------ INPUT DATA
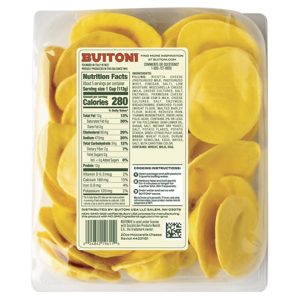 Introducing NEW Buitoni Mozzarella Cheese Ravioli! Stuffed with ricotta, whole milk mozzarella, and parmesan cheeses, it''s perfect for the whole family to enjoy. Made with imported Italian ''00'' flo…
------------
------ INPUT DATA
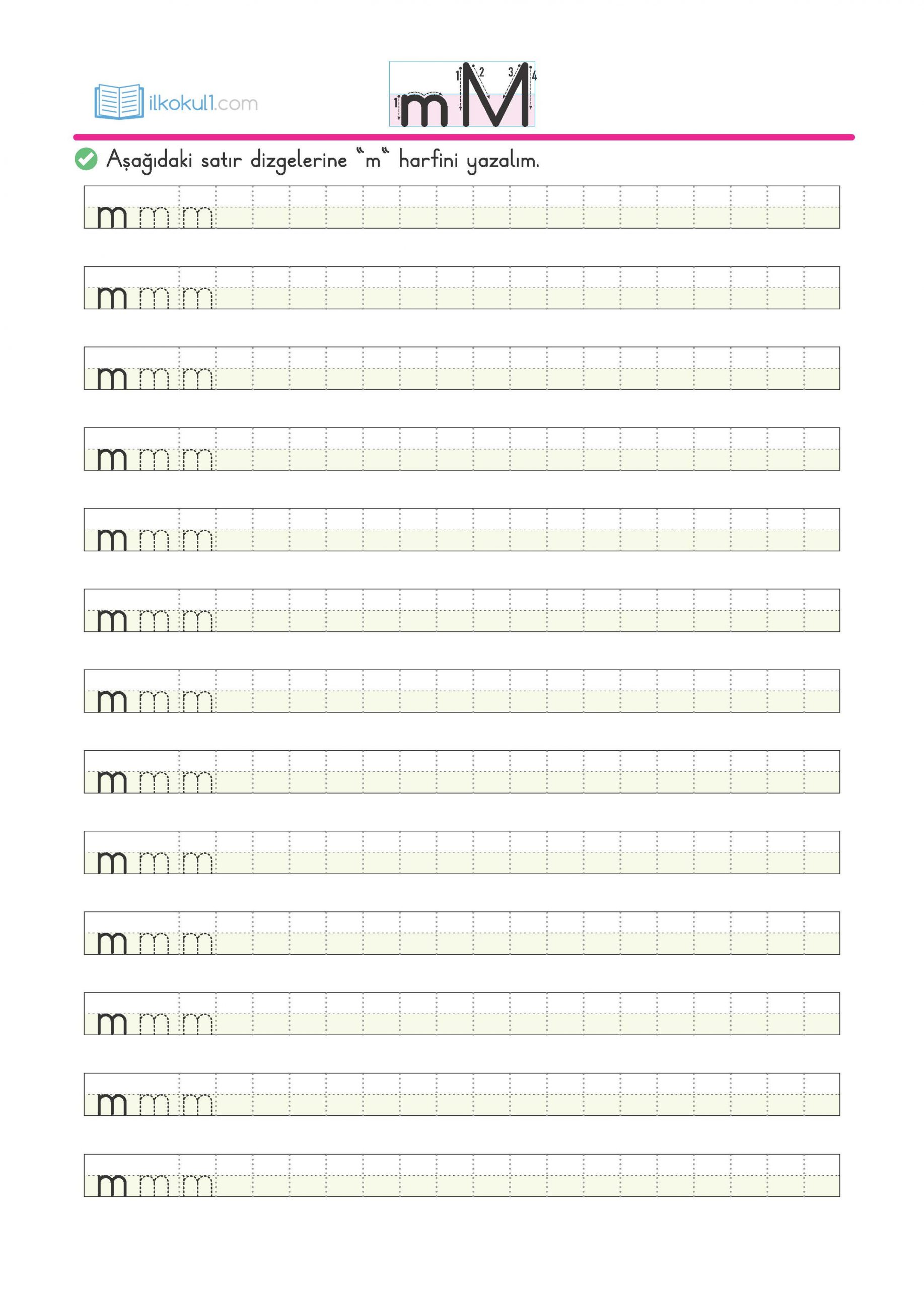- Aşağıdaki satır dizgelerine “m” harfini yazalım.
------------
------ INPUT DATA
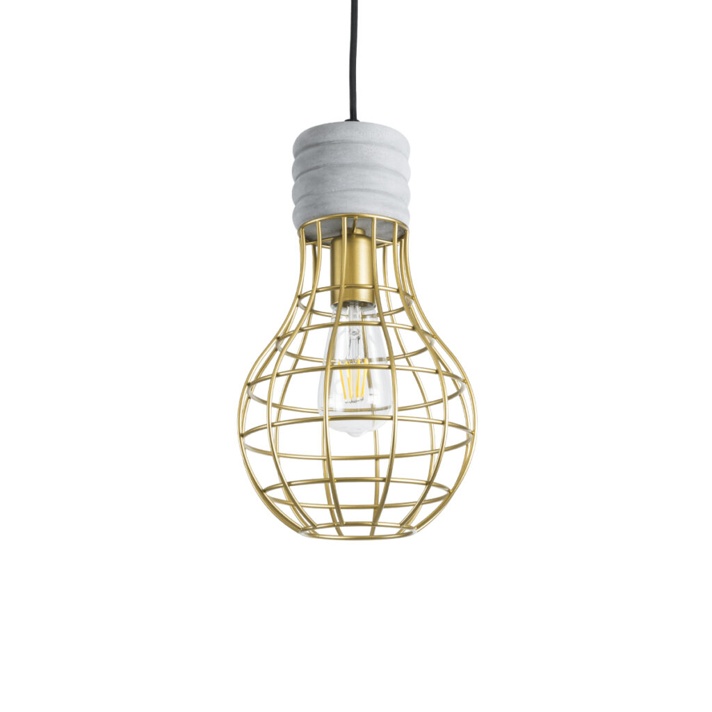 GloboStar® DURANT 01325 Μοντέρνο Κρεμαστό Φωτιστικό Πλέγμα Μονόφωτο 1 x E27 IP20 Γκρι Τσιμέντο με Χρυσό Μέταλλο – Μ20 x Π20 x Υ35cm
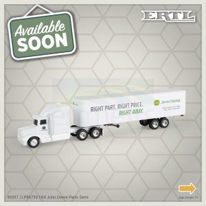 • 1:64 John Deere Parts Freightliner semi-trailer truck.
------------
* ASSIGNMENT *
Respond with the exact lines above running from the one containing "GloboStar® DURANT 01325" to the one containing "Freightliner semi-trailer truck.", both ends kept and no pictures included.

* WRITTEN RESPONSE *
 GloboStar® DURANT 01325 Μοντέρνο Κρεμαστό Φωτιστικό Πλέγμα Μονόφωτο 1 x E27 IP20 Γκρι Τσιμέντο με Χρυσό Μέταλλο – Μ20 x Π20 x Υ35cm
 • 1:64 John Deere Parts Freightliner semi-trailer truck.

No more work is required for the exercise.